TASK DATA:
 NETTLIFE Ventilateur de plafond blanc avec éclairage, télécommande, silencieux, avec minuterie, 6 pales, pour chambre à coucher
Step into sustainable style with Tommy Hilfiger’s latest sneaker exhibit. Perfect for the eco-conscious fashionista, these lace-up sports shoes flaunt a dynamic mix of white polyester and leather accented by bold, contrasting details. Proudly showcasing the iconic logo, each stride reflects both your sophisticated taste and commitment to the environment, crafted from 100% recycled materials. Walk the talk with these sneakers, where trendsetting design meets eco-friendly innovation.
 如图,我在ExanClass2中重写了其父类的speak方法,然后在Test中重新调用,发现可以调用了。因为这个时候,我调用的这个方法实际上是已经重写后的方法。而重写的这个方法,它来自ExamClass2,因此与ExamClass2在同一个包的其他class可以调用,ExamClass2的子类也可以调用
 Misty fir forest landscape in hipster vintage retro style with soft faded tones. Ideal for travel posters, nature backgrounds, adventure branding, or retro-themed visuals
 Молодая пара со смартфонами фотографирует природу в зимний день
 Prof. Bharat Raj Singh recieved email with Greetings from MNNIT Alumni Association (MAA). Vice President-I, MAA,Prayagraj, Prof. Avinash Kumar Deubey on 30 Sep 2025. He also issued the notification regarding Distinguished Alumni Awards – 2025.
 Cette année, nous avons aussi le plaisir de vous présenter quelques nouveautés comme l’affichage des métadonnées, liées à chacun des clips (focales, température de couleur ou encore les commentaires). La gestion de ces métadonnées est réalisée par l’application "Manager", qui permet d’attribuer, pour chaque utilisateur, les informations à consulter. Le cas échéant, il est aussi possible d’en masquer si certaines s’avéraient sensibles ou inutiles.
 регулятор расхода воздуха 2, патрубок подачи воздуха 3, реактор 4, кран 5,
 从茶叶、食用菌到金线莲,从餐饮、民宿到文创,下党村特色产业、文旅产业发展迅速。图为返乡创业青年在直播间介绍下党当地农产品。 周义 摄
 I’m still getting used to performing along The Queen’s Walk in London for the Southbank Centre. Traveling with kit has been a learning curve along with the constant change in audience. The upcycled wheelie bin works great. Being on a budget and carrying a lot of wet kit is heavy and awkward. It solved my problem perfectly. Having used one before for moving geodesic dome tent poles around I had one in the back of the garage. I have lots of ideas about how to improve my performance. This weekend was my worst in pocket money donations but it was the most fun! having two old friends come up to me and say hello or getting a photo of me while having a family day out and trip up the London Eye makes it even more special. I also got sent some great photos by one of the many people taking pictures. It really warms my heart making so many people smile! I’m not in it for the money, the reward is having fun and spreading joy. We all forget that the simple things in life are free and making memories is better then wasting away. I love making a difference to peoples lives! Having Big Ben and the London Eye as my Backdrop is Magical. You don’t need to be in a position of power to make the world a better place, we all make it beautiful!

ACTIVITY: Repeat the material exactly, please, so that each line matches its source.

THE COMPLETED TASK:
 NETTLIFE Ventilateur de plafond blanc avec éclairage, télécommande, silencieux, avec minuterie, 6 pales, pour chambre à coucher
Step into sustainable style with Tommy Hilfiger’s latest sneaker exhibit. Perfect for the eco-conscious fashionista, these lace-up sports shoes flaunt a dynamic mix of white polyester and leather accented by bold, contrasting details. Proudly showcasing the iconic logo, each stride reflects both your sophisticated taste and commitment to the environment, crafted from 100% recycled materials. Walk the talk with these sneakers, where trendsetting design meets eco-friendly innovation.
 如图,我在ExanClass2中重写了其父类的speak方法,然后在Test中重新调用,发现可以调用了。因为这个时候,我调用的这个方法实际上是已经重写后的方法。而重写的这个方法,它来自ExamClass2,因此与ExamClass2在同一个包的其他class可以调用,ExamClass2的子类也可以调用
 Misty fir forest landscape in hipster vintage retro style with soft faded tones. Ideal for travel posters, nature backgrounds, adventure branding, or retro-themed visuals
 Молодая пара со смартфонами фотографирует природу в зимний день
 Prof. Bharat Raj Singh recieved email with Greetings from MNNIT Alumni Association (MAA). Vice President-I, MAA,Prayagraj, Prof. Avinash Kumar Deubey on 30 Sep 2025. He also issued the notification regarding Distinguished Alumni Awards – 2025.
 Cette année, nous avons aussi le plaisir de vous présenter quelques nouveautés comme l’affichage des métadonnées, liées à chacun des clips (focales, température de couleur ou encore les commentaires). La gestion de ces métadonnées est réalisée par l’application "Manager", qui permet d’attribuer, pour chaque utilisateur, les informations à consulter. Le cas échéant, il est aussi possible d’en masquer si certaines s’avéraient sensibles ou inutiles.
 регулятор расхода воздуха 2, патрубок подачи воздуха 3, реактор 4, кран 5,
 从茶叶、食用菌到金线莲,从餐饮、民宿到文创,下党村特色产业、文旅产业发展迅速。图为返乡创业青年在直播间介绍下党当地农产品。 周义 摄
 I’m still getting used to performing along The Queen’s Walk in London for the Southbank Centre. Traveling with kit has been a learning curve along with the constant change in audience. The upcycled wheelie bin works great. Being on a budget and carrying a lot of wet kit is heavy and awkward. It solved my problem perfectly. Having used one before for moving geodesic dome tent poles around I had one in the back of the garage. I have lots of ideas about how to improve my performance. This weekend was my worst in pocket money donations but it was the most fun! having two old friends come up to me and say hello or getting a photo of me while having a family day out and trip up the London Eye makes it even more special. I also got sent some great photos by one of the many people taking pictures. It really warms my heart making so many people smile! I’m not in it for the money, the reward is having fun and spreading joy. We all forget that the simple things in life are free and making memories is better then wasting away. I love making a difference to peoples lives! Having Big Ben and the London Eye as my Backdrop is Magical. You don’t need to be in a position of power to make the world a better place, we all make it beautiful!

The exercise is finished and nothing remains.